Unless it's a secret, Intel don't make a 4-port TB3 controller that I'm aware of - it's either PCIe 3.0 ×4 for 2 ports (aka Double Port), PCIe 3.0 ×4 for 1 port (aka Single Port) or PCIe 3.0 ×2 for one port (aka Low Power)
One controller gives full speed on two ports, right?
 
Go to the fourth page of comments. The reviewer says there is one TB3 controller for ALL FOUR Thunderbolt™ 3 ports.

So I guess I can forget about getting full 40 Gbps from both graphics card and external NVMe drive, for example.

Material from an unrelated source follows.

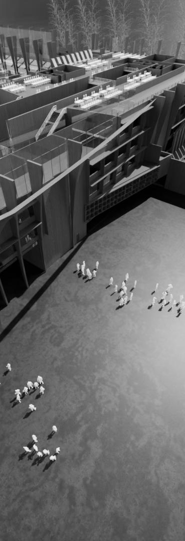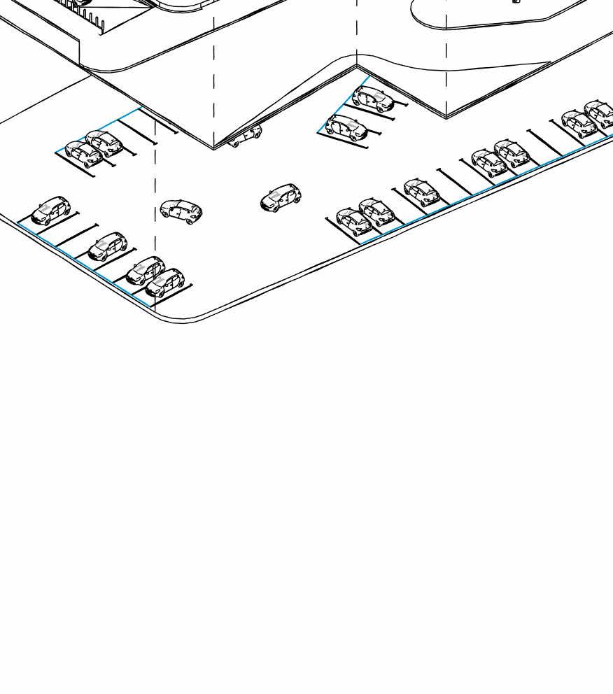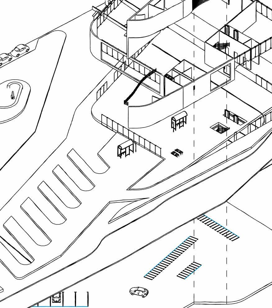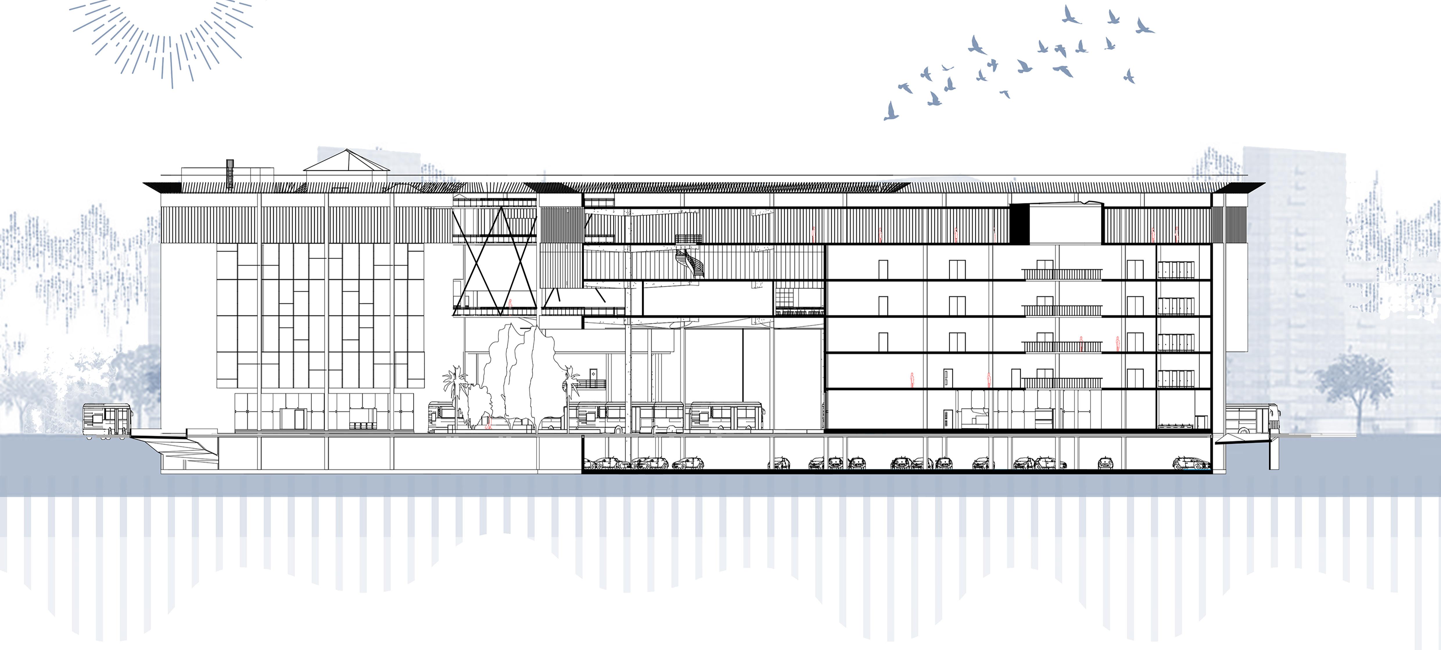 The architectural concept features a cuboid structure divided diagonally to create a dedicated passage for buses. This design not only enhances functionality but also adds a dynamic visual element. The diagonal division ensures efficient bus movement through the block, optimizing space and improving traffic. flow.

Did you read further through that particular thread? A few additional comments from Mike:


It appears to be one controller, with two buses. Titan Ridge is over-provisioned from a bandwidth standpoint versus Alpine Ridge and expressly allows for this. but you're right this would be a problem with the older controller.

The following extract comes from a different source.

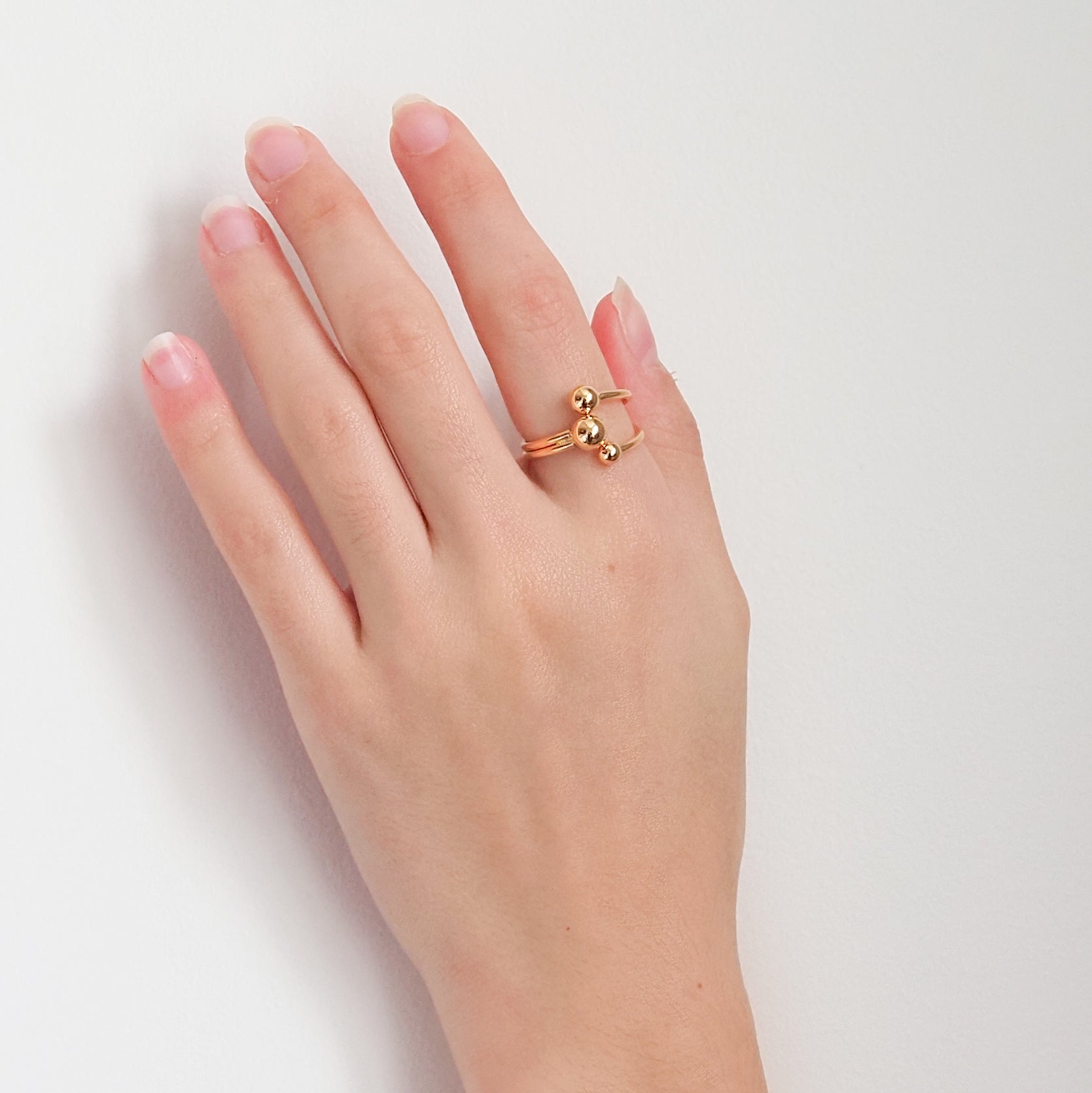 Anel três bolinhas dourado é uma semijoia ajustável e banhada com 10 camadas de ouro amarelo 18k. Possui uma alta qualidade e não contém níquel nem outras substâncias alérgicas. Seu design elegante é resistente e ao mesmo tempo delicado, é ideal para uso diário.

We'll be torturing the TB3 subsystem a bit later in the week and next week, but so far, we're not seeing any issues with the high-speed SSD in the red enclosure you see in the pic which can shove data very nearly at 40gbit/sec, in conjunction with the Apple Thunderbolt display. We'll push it to the max with multiple displays and drives.

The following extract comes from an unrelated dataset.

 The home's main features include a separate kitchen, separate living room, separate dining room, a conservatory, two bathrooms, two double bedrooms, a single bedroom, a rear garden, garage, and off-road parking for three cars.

... and in response to, "Marco Arment just tweeted that there are two TB3 controllers. Can you look in the hardware profile? It should be there."

The profiler shows buses, not controllers, doesn't have to be a a 1:1 correlation with Titan Ridge. Titan Ridge can do two buses per controller, plus Apple has explicitly told us that there is one controller for the two buses. We've been given wrong info by Apple before, though, which is why we're relaying what Apple has said, and also waiting for the teardown. Trust but verify.

GPUs aren't constantly using all 32gbit/sec, even with multiple 4K displays hanging off the box. In most cases, even if limited to 40gbit/sec by the controller -- which Titan Ridge is not -- the user will see no speed issues with that setup you're describing.
 
Did you read further through that particular thread? A few additional comments from Mike:




... and in response to, "Marco Arment just tweeted that there are two TB3 controllers. Can you look in the hardware profile? It should be there."
I must admit that I do not understand a single damn thing from this. Does this mean 40Gbps on all four ports or not?
 
I think it means "It's 40Gbps on all four ports together, but it's not a big problem in practice".

Of course, that only covers the "wall of displays" use case only.
It would be equally interesting to know, if the 10GB NIC is somehow sharing the bus with the TB3 controller(s).